**PROBLEM TO WORK ON**
Reproduce every line below exactly as written; do not include the images.

**SOURCE MATERIAL**
========================================================================

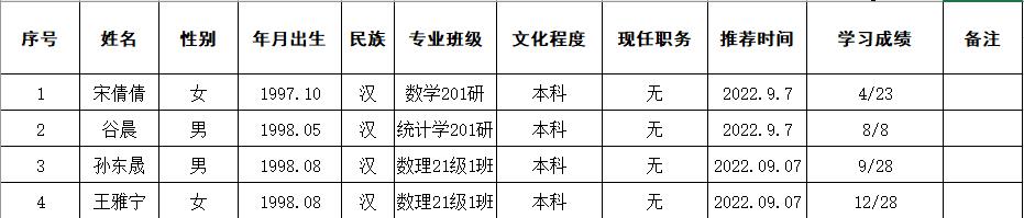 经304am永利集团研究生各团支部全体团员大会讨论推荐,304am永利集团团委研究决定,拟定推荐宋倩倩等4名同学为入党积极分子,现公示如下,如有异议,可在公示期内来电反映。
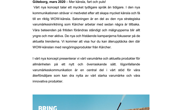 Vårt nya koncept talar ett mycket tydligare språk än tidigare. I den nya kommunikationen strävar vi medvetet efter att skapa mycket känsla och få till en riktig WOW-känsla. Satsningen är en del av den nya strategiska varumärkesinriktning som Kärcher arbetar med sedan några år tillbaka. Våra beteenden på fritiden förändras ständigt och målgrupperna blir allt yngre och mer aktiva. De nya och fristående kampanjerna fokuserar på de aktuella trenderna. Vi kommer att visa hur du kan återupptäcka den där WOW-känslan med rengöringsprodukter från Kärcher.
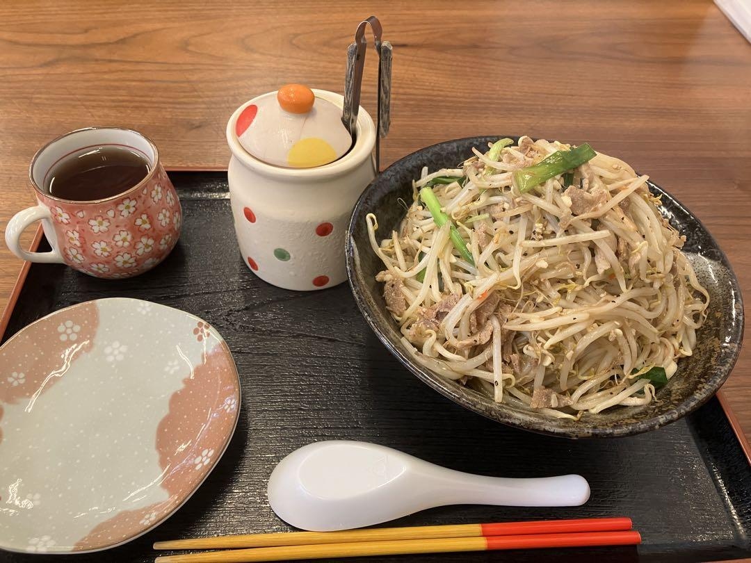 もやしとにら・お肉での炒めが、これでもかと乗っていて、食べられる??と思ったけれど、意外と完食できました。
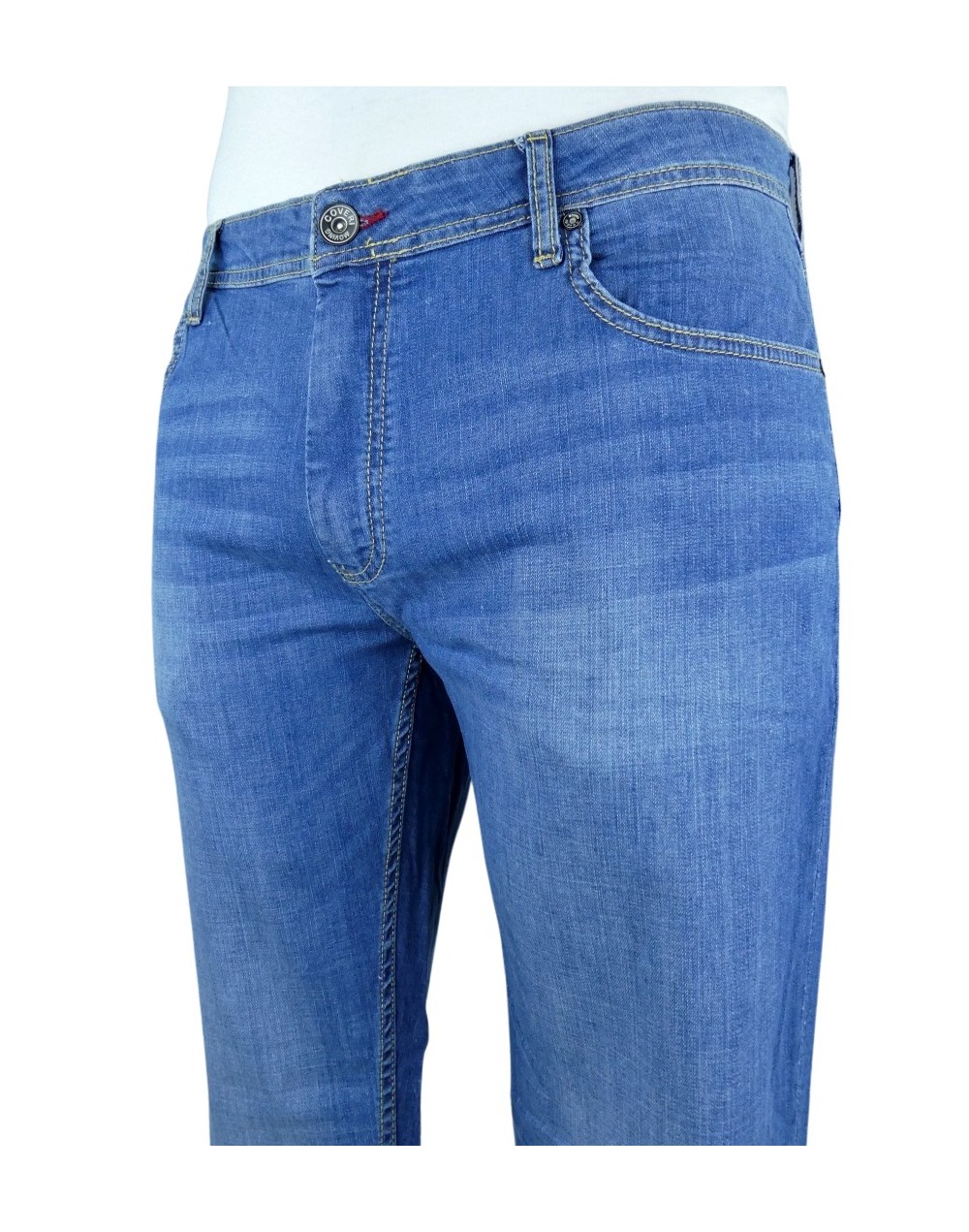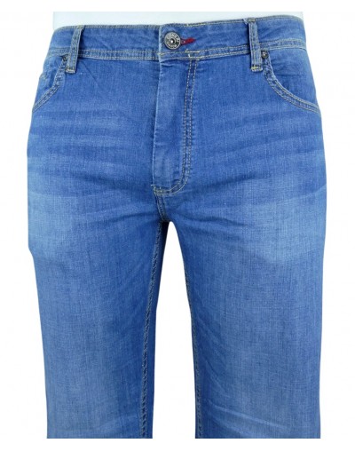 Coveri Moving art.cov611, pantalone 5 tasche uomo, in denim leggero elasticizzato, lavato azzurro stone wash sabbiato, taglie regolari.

========================================================================

**THE ANSWER**
 经304am永利集团研究生各团支部全体团员大会讨论推荐,304am永利集团团委研究决定,拟定推荐宋倩倩等4名同学为入党积极分子,现公示如下,如有异议,可在公示期内来电反映。
 Vårt nya koncept talar ett mycket tydligare språk än tidigare. I den nya kommunikationen strävar vi medvetet efter att skapa mycket känsla och få till en riktig WOW-känsla. Satsningen är en del av den nya strategiska varumärkesinriktning som Kärcher arbetar med sedan några år tillbaka. Våra beteenden på fritiden förändras ständigt och målgrupperna blir allt yngre och mer aktiva. De nya och fristående kampanjerna fokuserar på de aktuella trenderna. Vi kommer att visa hur du kan återupptäcka den där WOW-känslan med rengöringsprodukter från Kärcher.
 もやしとにら・お肉での炒めが、これでもかと乗っていて、食べられる??と思ったけれど、意外と完食できました。
 Coveri Moving art.cov611, pantalone 5 tasche uomo, in denim leggero elasticizzato, lavato azzurro stone wash sabbiato, taglie regolari.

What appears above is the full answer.